Interpellé sur C News sur l'expulsion des demandeurs d'asile déboutés, il répond fort justement "quand on n'est pas bénéficiaire du droit d'asile, on a vocation à retourner chez soi", ce qui est qualifié par les trotskystes de Révolution Permanente et par les troglodytes de la section dissidente du Quinzième arrondissement de "sortie xénophobe".
Qu'est ce qu'ils auraient voulu qu'il dise, ces belles âmes? que les déboutés et autres irréguliers ont droit de rester en France, même quand le droit, justement, dit le contraire? On voudrait qu'il prononce des propos irresponsables qui le disqualifierait directement auprès de l'électorat populaire? On peut se poser des questions sur les motivations profondes de ce genre de critiques.
J’aimerais aussi maintenant entendre davantage ce qu’il a à dire sur l’international, à part sur Cuba et sur la Palestine, où il est très bien aussi. J'avais soutenu à fond la candidature Mélenchon en 2017 principalement à cause de ses bonnes positions de l'époque dans ce domaine, considérant qu'il pouvait atteindre le second tour et même gagner, ce qui faisait de son bulletin de vote une arme réelle contre l'impérialisme (cette éventualité me paraissant exclue en 2022). [Fabien Roussel a bien réagi sur l'OTAN après la querelle des sous-marins]
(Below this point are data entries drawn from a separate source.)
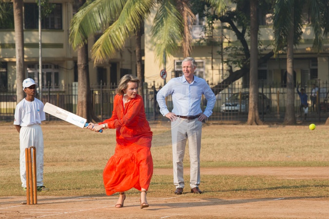 Krolowa Matylda i krol Filip graja w krykieta w Indiach
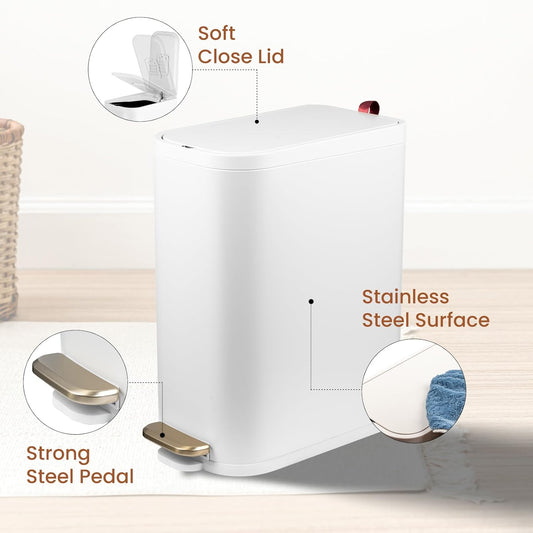 BETHEBEST Bathroom Trash Can with Lid,Stainless Steel Garbage Can with Removable Inner Bucket,Soft Close,Step Pedal,15 Liter/4 Gallon Trash Can for Bathroom,Bedroom,Kicthen,Office(White)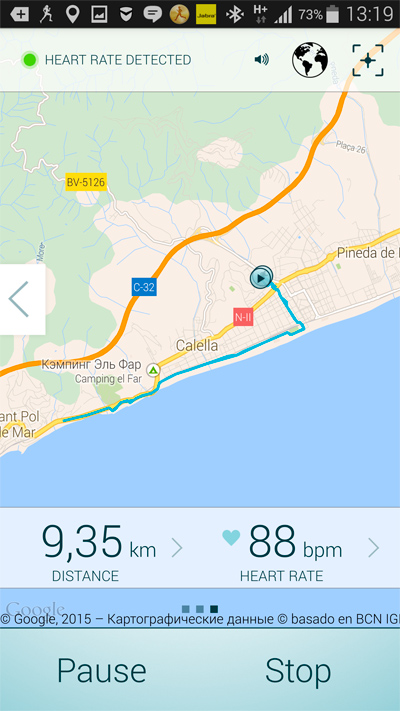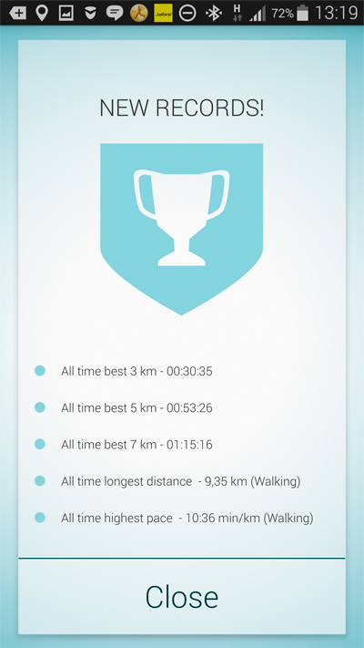 По окончании физической активности (тренировки) нажимается кнопка Stop, программа выдаст вам ваши рекорды (если они есть) и покажет конечные данные по тренировке.

Second tour et victoire? Il y a très peu de chance que Fabien Roussel y parvienne mais qui sait? l'opinion publique à l'ère des réseaux sociaux étant de plus en plus volatile et imprévisible ! Ce qui caractérise les bonnes surprises, c'est que presque personne ne s'y attend. Quelle chance de victoire accordait-on à Pedro Castillo, au Pérou, il y a encore trois mois? Le PCF pourrait-il renaître de ses cendres et briguer le pouvoir comme le fait aussi le Parti communiste chilien [qui a cané devant l'obstacle, finalement] ?
D'ailleurs ce scepticisme condescendant est aussi une chance, car il accorde au candidat une fenêtre de neutralité dans les médias, qui vont même lui donner la parole en croyant diviser la gauche, ce qui pourraient bien aboutir à l'inverse de leurs intentions. Le candidat rassembleur pourrait bien être Roussel, justement.
En attendant ce que j’aimerais entendre, par exemple, c’est ce qui suit :
Sur l’OTAN : réclamer publiquement la sortie de L’OTAN au nom de la paix [il l'a fait aussi] et non sa dissolution, comme le fait en Allemagne Die Linke, ce qui est impossible et permet d'esquiver la question. L'OTAN menace gravement la paix du monde et rien que cette revendication clairement mise en avant pourrait motiver le vote.
Sur l’UE : il est sans doute illusoire de lui demander le Frexit, ou même un referendum sur le Frexit, vu les rapports de force politiques (y compris et surtout à l'intérieur du PCF). Mais il peut déclarer sa volonté d’empêcher ou de cesser la mise en application des directives européennes les plus attentatoires à la souveraineté et aux droit sociaux ( les « suspendre » par exemple) comme celles sur la mise en concurrence et sur la privatisation des transports et de l’énergie et celle sur les travailleurs détachés. Ainsi que de l’encadrement du budget par Bruxelles. Et j'en oublie.
Sur l’ONU : s’engager à défendre le siège permanent et le droit de veto de la France au conseil de sécurité.
Sur les sanctions contre divers pays (et non pas seulement contre les blocus unilatéraux) : demander la levée de toutes les sanctions internationales auxquelles la France participe au titre qu'elles frappent aveuglément les peuples, et qu'elle sont utilisées contre les personnalités comme une arme d'intimidation pour obliger les gouvernants à s'aligner sur les exigences de l'Occident [ici, on ne se mouille pas].
En matière économique la petite musique protectionniste, j’aimerais l’entendre de manière plus insistante [ça, il le fait]. Proposer un plan économique de rapatriement de la production industrielle en France, par exemple. L’écologisme et le « bio » à cet égard peut être un prétexte avouable notamment dans le secteur agricole, Mélenchon proposait en 2017 de créer 400 000 emplois agricoles sous ce titre, et sur ce point, il avait raison.